Exact copy, no pictures: return only the lines below from the line with "主材:白橡木贴皮冷灰修色+浅灰砂面铁喷粉" up to and including the line with "gothic markings emoji".

-- Data section --
┌────────
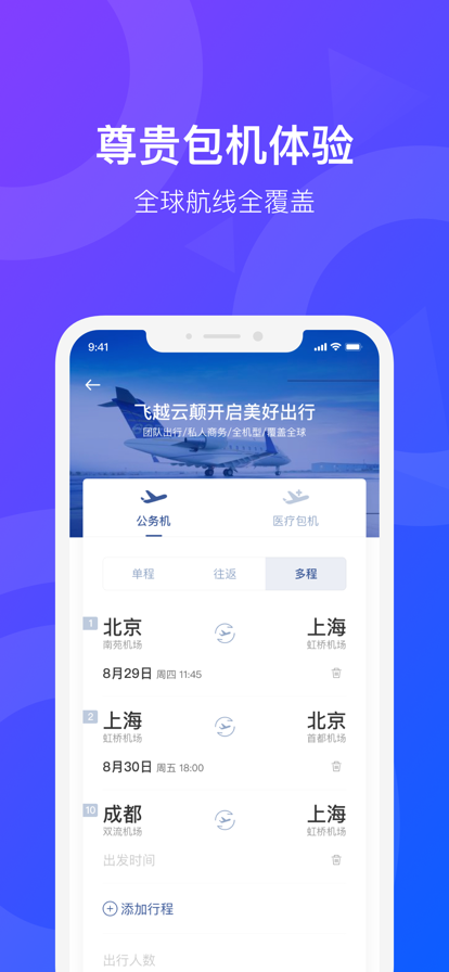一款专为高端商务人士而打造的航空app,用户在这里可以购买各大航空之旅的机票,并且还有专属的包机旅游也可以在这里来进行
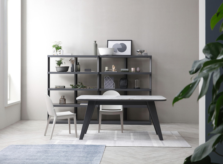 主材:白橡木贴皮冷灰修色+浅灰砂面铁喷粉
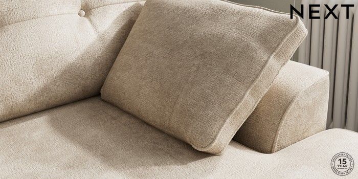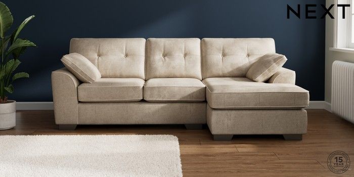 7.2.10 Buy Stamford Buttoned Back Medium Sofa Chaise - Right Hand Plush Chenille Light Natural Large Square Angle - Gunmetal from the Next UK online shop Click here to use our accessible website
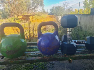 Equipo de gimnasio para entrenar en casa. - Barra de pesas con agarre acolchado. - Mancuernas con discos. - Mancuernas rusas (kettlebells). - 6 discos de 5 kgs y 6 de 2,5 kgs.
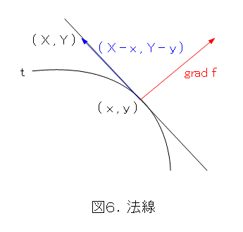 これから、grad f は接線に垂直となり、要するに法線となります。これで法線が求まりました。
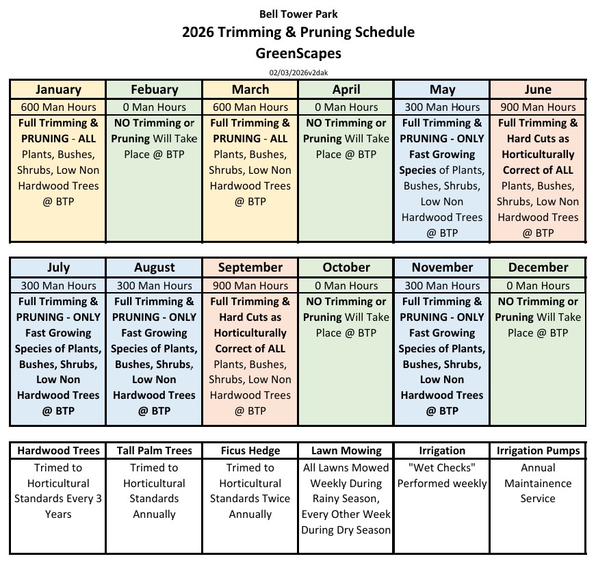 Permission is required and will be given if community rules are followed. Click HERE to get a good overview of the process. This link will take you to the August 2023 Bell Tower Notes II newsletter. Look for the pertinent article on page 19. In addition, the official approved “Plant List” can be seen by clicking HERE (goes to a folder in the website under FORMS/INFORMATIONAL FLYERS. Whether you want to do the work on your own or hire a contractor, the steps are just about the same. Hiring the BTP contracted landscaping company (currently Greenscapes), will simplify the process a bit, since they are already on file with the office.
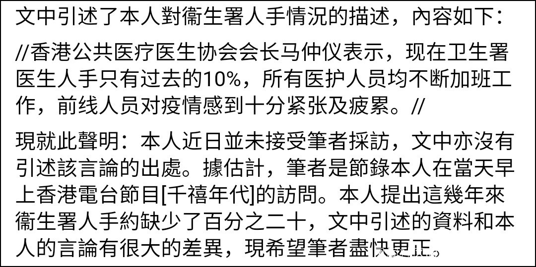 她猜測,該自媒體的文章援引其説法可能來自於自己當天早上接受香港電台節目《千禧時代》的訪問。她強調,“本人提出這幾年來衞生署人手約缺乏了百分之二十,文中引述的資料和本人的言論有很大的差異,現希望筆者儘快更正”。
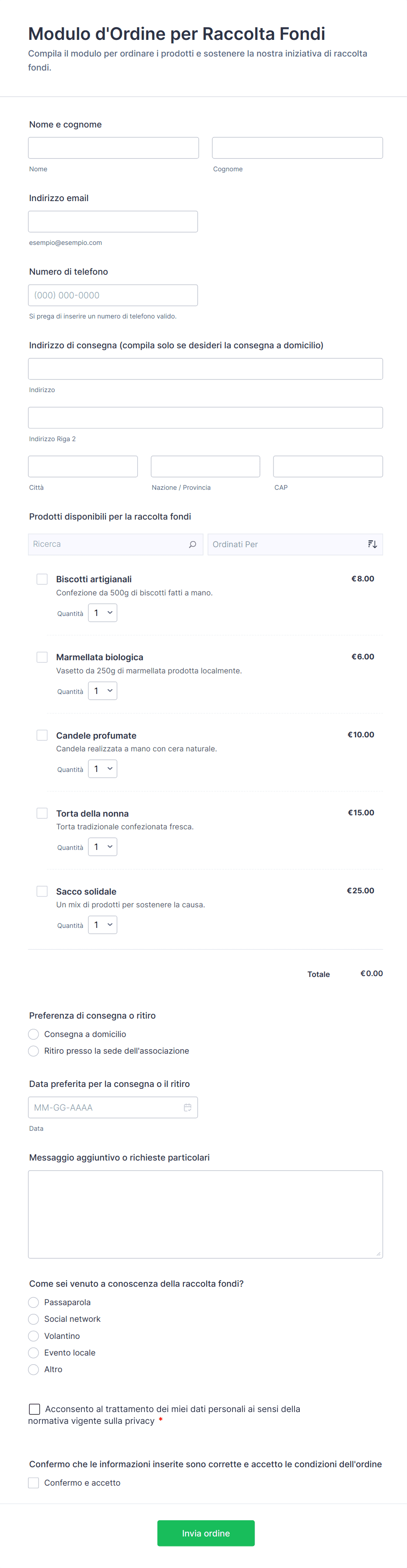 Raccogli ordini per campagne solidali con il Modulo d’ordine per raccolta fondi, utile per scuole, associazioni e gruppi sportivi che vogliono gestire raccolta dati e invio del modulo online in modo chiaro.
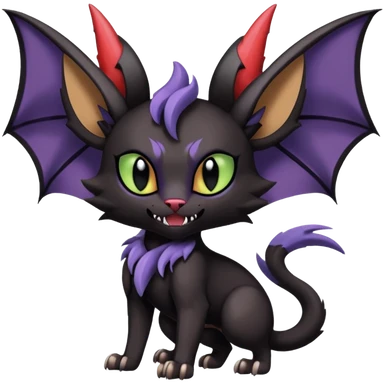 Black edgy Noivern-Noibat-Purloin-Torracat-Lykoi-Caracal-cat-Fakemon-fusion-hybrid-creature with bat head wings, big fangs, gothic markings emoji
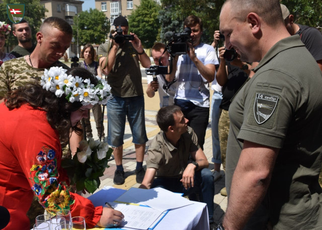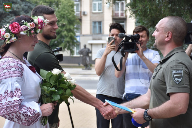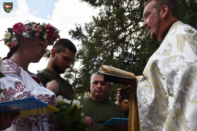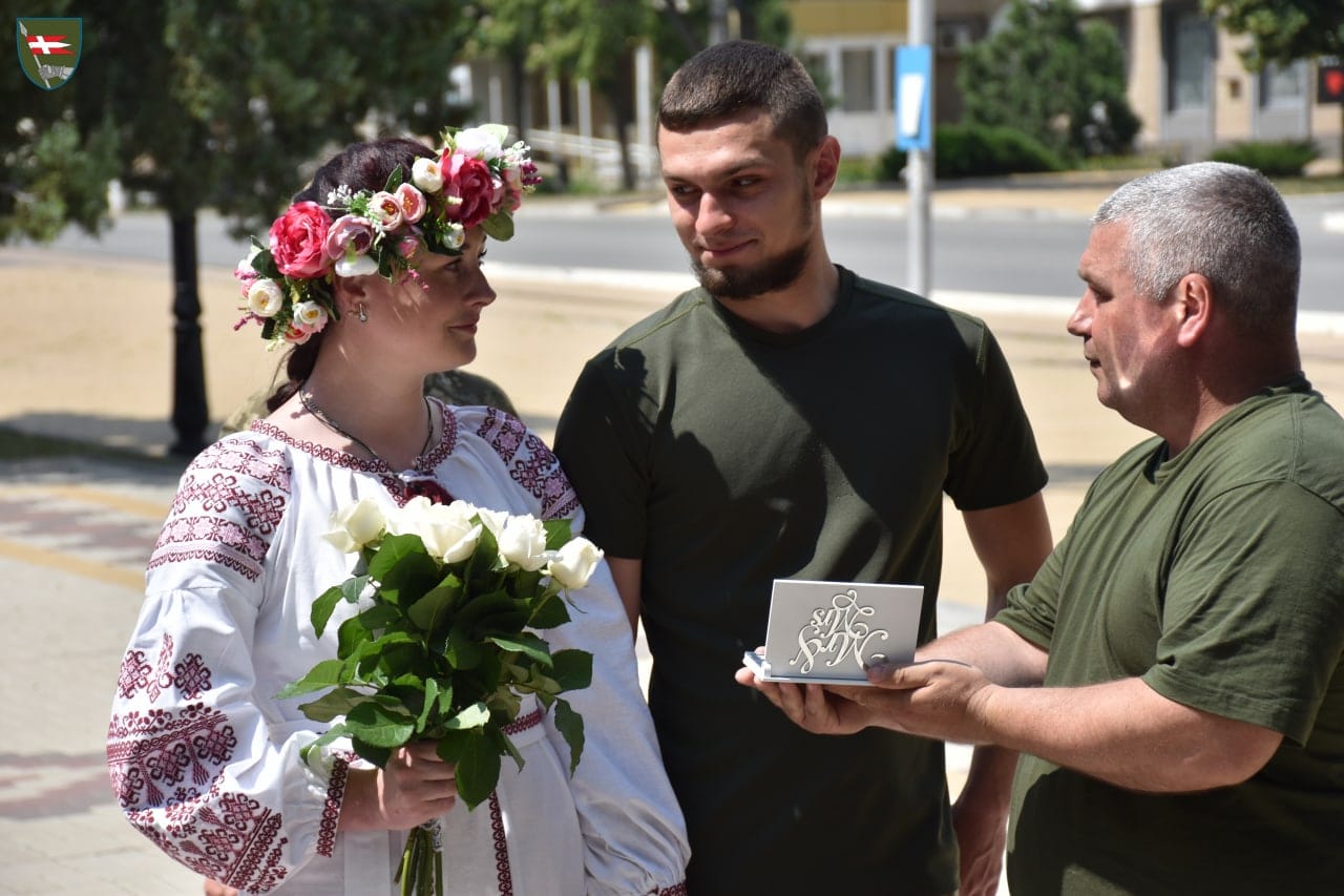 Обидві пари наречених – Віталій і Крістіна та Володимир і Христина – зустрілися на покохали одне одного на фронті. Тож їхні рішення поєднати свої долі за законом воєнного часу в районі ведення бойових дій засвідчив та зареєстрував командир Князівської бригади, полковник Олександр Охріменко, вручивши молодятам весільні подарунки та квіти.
└────────
-- Written solution --
 主材:白橡木贴皮冷灰修色+浅灰砂面铁喷粉
 7.2.10 Buy Stamford Buttoned Back Medium Sofa Chaise - Right Hand Plush Chenille Light Natural Large Square Angle - Gunmetal from the Next UK online shop Click here to use our accessible website
 Equipo de gimnasio para entrenar en casa. - Barra de pesas con agarre acolchado. - Mancuernas con discos. - Mancuernas rusas (kettlebells). - 6 discos de 5 kgs y 6 de 2,5 kgs.
 これから、grad f は接線に垂直となり、要するに法線となります。これで法線が求まりました。
 Permission is required and will be given if community rules are followed. Click HERE to get a good overview of the process. This link will take you to the August 2023 Bell Tower Notes II newsletter. Look for the pertinent article on page 19. In addition, the official approved “Plant List” can be seen by clicking HERE (goes to a folder in the website under FORMS/INFORMATIONAL FLYERS. Whether you want to do the work on your own or hire a contractor, the steps are just about the same. Hiring the BTP contracted landscaping company (currently Greenscapes), will simplify the process a bit, since they are already on file with the office.
 她猜測,該自媒體的文章援引其説法可能來自於自己當天早上接受香港電台節目《千禧時代》的訪問。她強調,“本人提出這幾年來衞生署人手約缺乏了百分之二十,文中引述的資料和本人的言論有很大的差異,現希望筆者儘快更正”。
 Raccogli ordini per campagne solidali con il Modulo d’ordine per raccolta fondi, utile per scuole, associazioni e gruppi sportivi che vogliono gestire raccolta dati e invio del modulo online in modo chiaro.
 Black edgy Noivern-Noibat-Purloin-Torracat-Lykoi-Caracal-cat-Fakemon-fusion-hybrid-creature with bat head wings, big fangs, gothic markings emoji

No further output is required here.